■ **Task item**: Copy each of the entries below faithfully, setting aside any pictures.

-------------------------

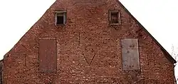 The truly principal feature of this gable, however, are die initials "T" and "I V H" worked in the masonry in black clinker brick headers. These are the monograms of the first occupants of the house, Jan van Hoesen (1687–1745) and his wife Tanneke. The "T" stands for Tanneke, given name of the wife of Jan Van Hoesen, Tanneke Wittbeck. The letters "V" and "H" stand for Jan's family name Van Hoesen. Jan's given name is represented by the letter "I", which is the Dutch representation of the letter "J".[2]
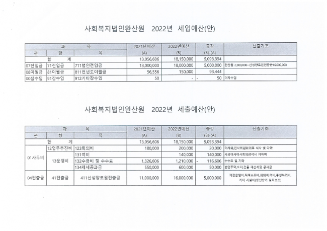 완산원 2022년 세입.세출 예산 페이지 정보 작성자 신성양로원 댓글 0건 조회 1,722회 작성일 21-12-16 15:23 본문 완산원 2022년 세입.세출 예산 목록 이전글완산원 2021년 총괄세입.세출 결산서 22.02.14 다음글완산원 2021년 세입.세출 추경예산 21.12.16
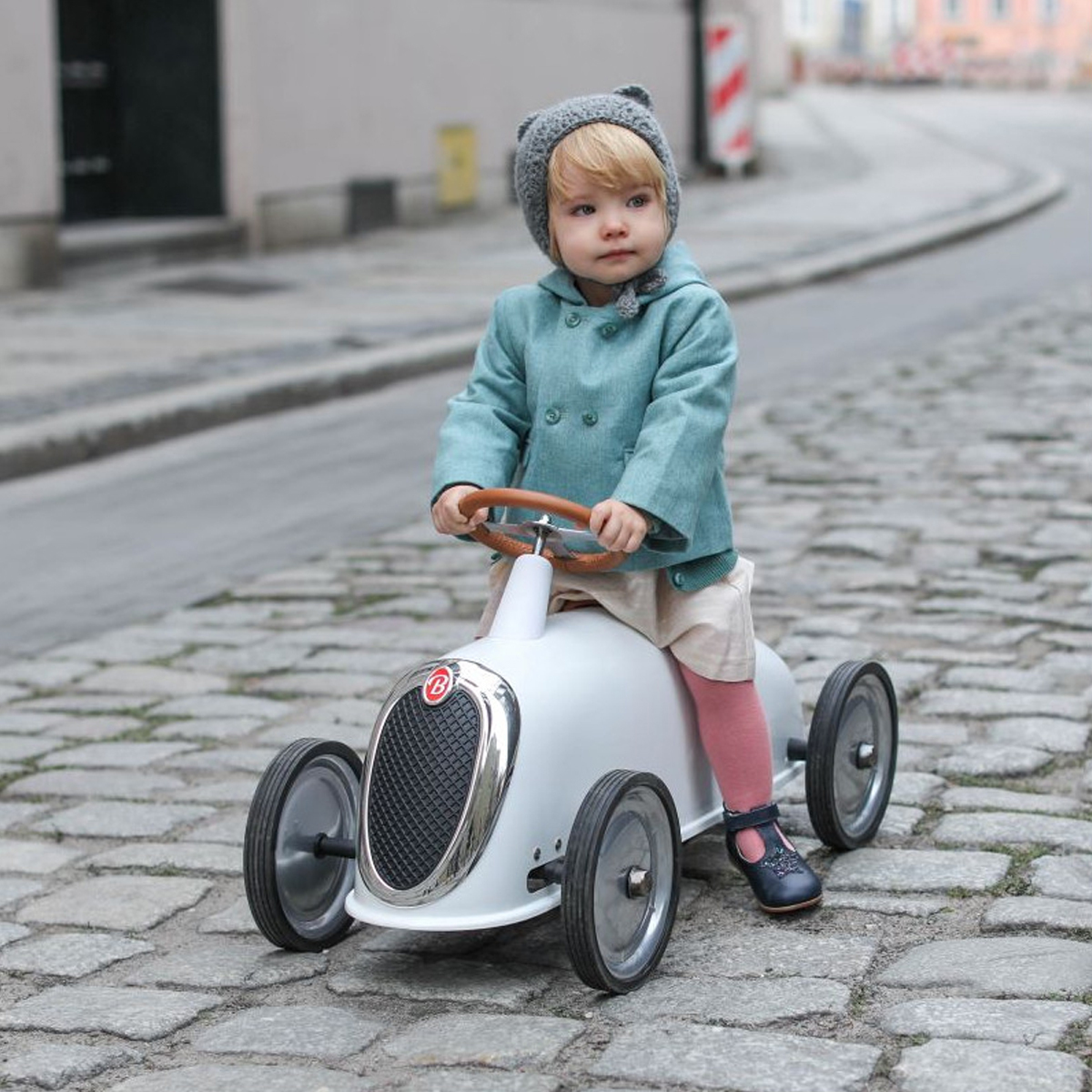 Robuste, ce porteur en métal accompagnera les usages du quotidien et les envies d’exploration. Ses grandes roues en caoutchouc faciliteront le déplacement avec aisance, en apportant de la stabilité et un roulement silencieux, même quand le jeu s’intensifie. Et quand l’enfant grandira, son look rétro chic restera un bel objet à garder.
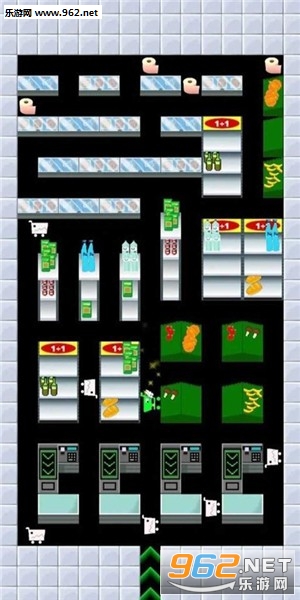 有点类似于吃豆子的玩法,你要操控一辆购物车在超市中开始扫荡。
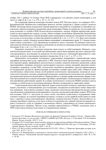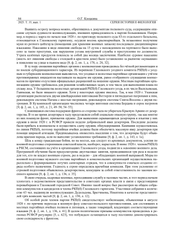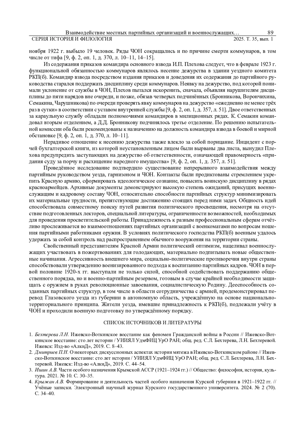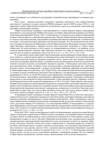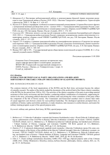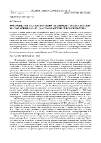 Статья: ВЗАИМОДЕЙСТВИЕ МЕСТНЫХ ПАРТИЙНЫХ ОРГАНИЗАЦИЙ И ВОЕННОСЛУЖАЩИХ КРАСНОЙ АРМИИ В НАЧАЛЕ 1920-Х ГОДОВ (НА ПРИМЕРЕ ГЛАЗОВСКОГО УЕЗДА) (2025)
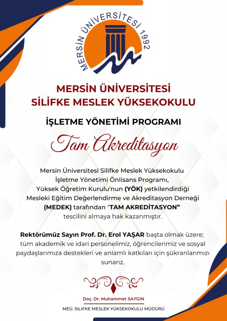 Yönetim ve Organizasyon Bölümü bünyesinde yürütülen İşletme Yönetimi Önlisans Programı, Yükseköğretim Kurulu (YÖK) tarafından yetkilendirilen Mesleki Eğitim Değerlendirme ve Akreditasyon Derneği (MEDEK) tarafından Tam Akreditasyon almaya hak kazandı.
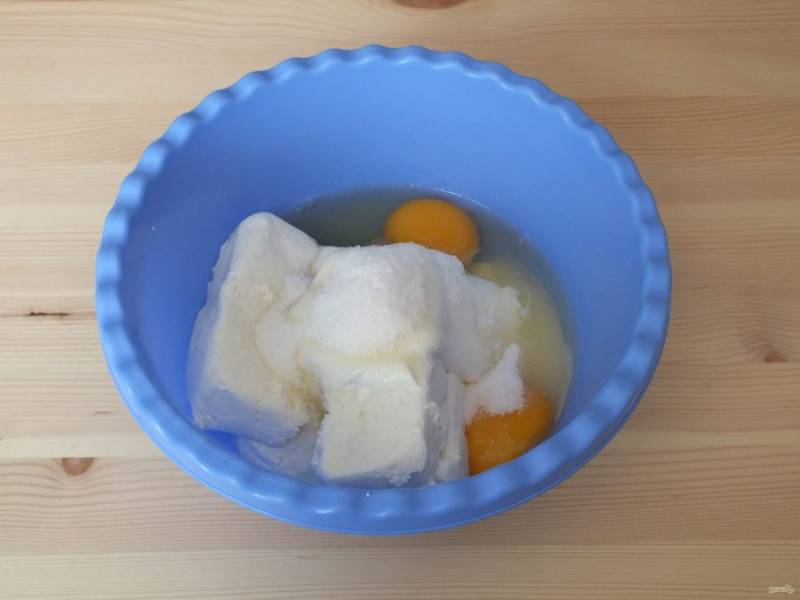 В чаше смешайте творог, яйца, сахар, соль, ванилин. Пробейте погружным блендером.
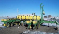FLEX-FOLD FRAME, VACUUM METERING SYSTEM, 3 BUSHEL HOPPERS, TRU-VEE PLANTING UNIT, LIQUID FERTILIZER, DAWN COULTER COMBOS ROW CLEANERS, CORN & SOYBEAN SEED DISKS, NON-ADJUSTABLE DOWN PRESSURE, E-SET CORN DISKS, MARKERS, FERTILIZER IN ROW W/ PUMP AND TANKS ON PLANTER, HAD OVER $9,000 OF WORK DONE IN MARCH 2008 INCLUDING WHEEL FRAME BUSHINGS, SN#H07200D655201; Located: James River Equipment, Huron, South Dakota. Contact Tom Rook (605) 256-4575 or email [email protected]; JD Control #01603274
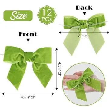 AIMUDI Apple Green Velvet Bows 4.5" Green Velvet Easter Bows Premade Bows Green Twist Tie Bows for Wreaths, Gift Basket, Spring Holiday Decor, Gift Wrapping, Swag, Wedding Decor - 12 PCs
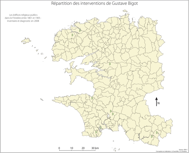Carte de répartition des interventions de Gustave BigotImmatriculation
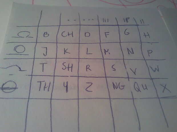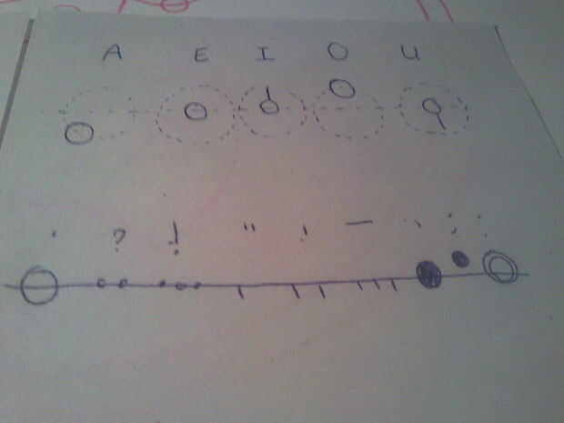 Tomar un nuevo trozo de papel y escribir la cita (sólo de referencia). Debajo de él, llamo a la cantidad de círculos para esta cita (tercera imagen). El círculo de 'of' es intencionalmente más pequeño, porque sólo tiene dos signos en él. Palabras como 'a', 'la', 'me', etc. son más fáciles de dejar pequeñas.
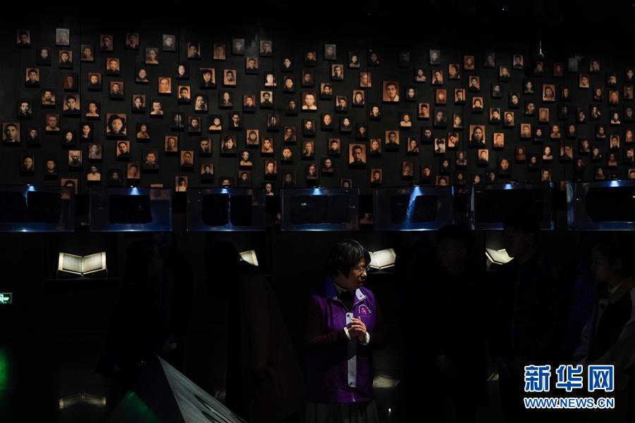 在侵華日軍南京大屠殺遇難同胞紀(jì)念館,志愿者吉川淳子在向參觀者講解(3月7日攝)。新華社記者 邱冰清 攝
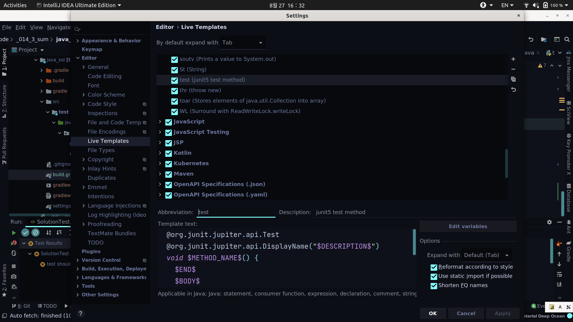 intellij linux keymap 기준으로 Ctrl + J이며, JUnit5 테스트 메서드 템플릿을 등록하는 과정의 글입니다.
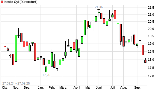 Mit dem Rücksetzer auf 17,89 EUR hat die Kesko B-Aktie (ISIN FI0009000202) am 26.09.2025 ein neues 6-Monats-Tief erreicht und damit den Kurs vom 09.04.2025 eingestellt.
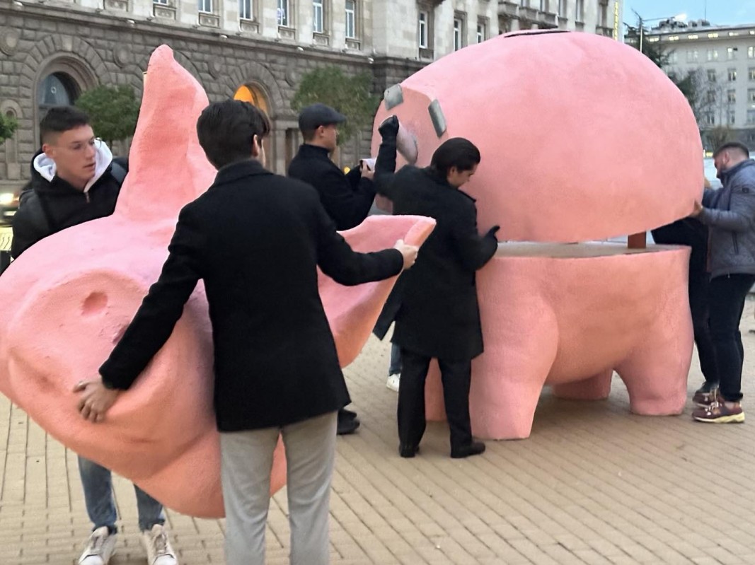 "Арт инсталация "Прасe-касичка" Бюджет 2026. Нещо се случва на Ларгото в София!", написаха те.

-------------------------

■ **Your solution**:
 The truly principal feature of this gable, however, are die initials "T" and "I V H" worked in the masonry in black clinker brick headers. These are the monograms of the first occupants of the house, Jan van Hoesen (1687–1745) and his wife Tanneke. The "T" stands for Tanneke, given name of the wife of Jan Van Hoesen, Tanneke Wittbeck. The letters "V" and "H" stand for Jan's family name Van Hoesen. Jan's given name is represented by the letter "I", which is the Dutch representation of the letter "J".[2]
 완산원 2022년 세입.세출 예산 페이지 정보 작성자 신성양로원 댓글 0건 조회 1,722회 작성일 21-12-16 15:23 본문 완산원 2022년 세입.세출 예산 목록 이전글완산원 2021년 총괄세입.세출 결산서 22.02.14 다음글완산원 2021년 세입.세출 추경예산 21.12.16
 Robuste, ce porteur en métal accompagnera les usages du quotidien et les envies d’exploration. Ses grandes roues en caoutchouc faciliteront le déplacement avec aisance, en apportant de la stabilité et un roulement silencieux, même quand le jeu s’intensifie. Et quand l’enfant grandira, son look rétro chic restera un bel objet à garder.
 有点类似于吃豆子的玩法,你要操控一辆购物车在超市中开始扫荡。
 Статья: ВЗАИМОДЕЙСТВИЕ МЕСТНЫХ ПАРТИЙНЫХ ОРГАНИЗАЦИЙ И ВОЕННОСЛУЖАЩИХ КРАСНОЙ АРМИИ В НАЧАЛЕ 1920-Х ГОДОВ (НА ПРИМЕРЕ ГЛАЗОВСКОГО УЕЗДА) (2025)
 Yönetim ve Organizasyon Bölümü bünyesinde yürütülen İşletme Yönetimi Önlisans Programı, Yükseköğretim Kurulu (YÖK) tarafından yetkilendirilen Mesleki Eğitim Değerlendirme ve Akreditasyon Derneği (MEDEK) tarafından Tam Akreditasyon almaya hak kazandı.
 В чаше смешайте творог, яйца, сахар, соль, ванилин. Пробейте погружным блендером.
FLEX-FOLD FRAME, VACUUM METERING SYSTEM, 3 BUSHEL HOPPERS, TRU-VEE PLANTING UNIT, LIQUID FERTILIZER, DAWN COULTER COMBOS ROW CLEANERS, CORN & SOYBEAN SEED DISKS, NON-ADJUSTABLE DOWN PRESSURE, E-SET CORN DISKS, MARKERS, FERTILIZER IN ROW W/ PUMP AND TANKS ON PLANTER, HAD OVER $9,000 OF WORK DONE IN MARCH 2008 INCLUDING WHEEL FRAME BUSHINGS, SN#H07200D655201; Located: James River Equipment, Huron, South Dakota. Contact Tom Rook (605) 256-4575 or email [email protected]; JD Control #01603274
 AIMUDI Apple Green Velvet Bows 4.5" Green Velvet Easter Bows Premade Bows Green Twist Tie Bows for Wreaths, Gift Basket, Spring Holiday Decor, Gift Wrapping, Swag, Wedding Decor - 12 PCs
Carte de répartition des interventions de Gustave BigotImmatriculation
 Tomar un nuevo trozo de papel y escribir la cita (sólo de referencia). Debajo de él, llamo a la cantidad de círculos para esta cita (tercera imagen). El círculo de 'of' es intencionalmente más pequeño, porque sólo tiene dos signos en él. Palabras como 'a', 'la', 'me', etc. son más fáciles de dejar pequeñas.
 在侵華日軍南京大屠殺遇難同胞紀(jì)念館,志愿者吉川淳子在向參觀者講解(3月7日攝)。新華社記者 邱冰清 攝
 intellij linux keymap 기준으로 Ctrl + J이며, JUnit5 테스트 메서드 템플릿을 등록하는 과정의 글입니다.
 Mit dem Rücksetzer auf 17,89 EUR hat die Kesko B-Aktie (ISIN FI0009000202) am 26.09.2025 ein neues 6-Monats-Tief erreicht und damit den Kurs vom 09.04.2025 eingestellt.
 "Арт инсталация "Прасe-касичка" Бюджет 2026. Нещо се случва на Ларгото в София!", написаха те.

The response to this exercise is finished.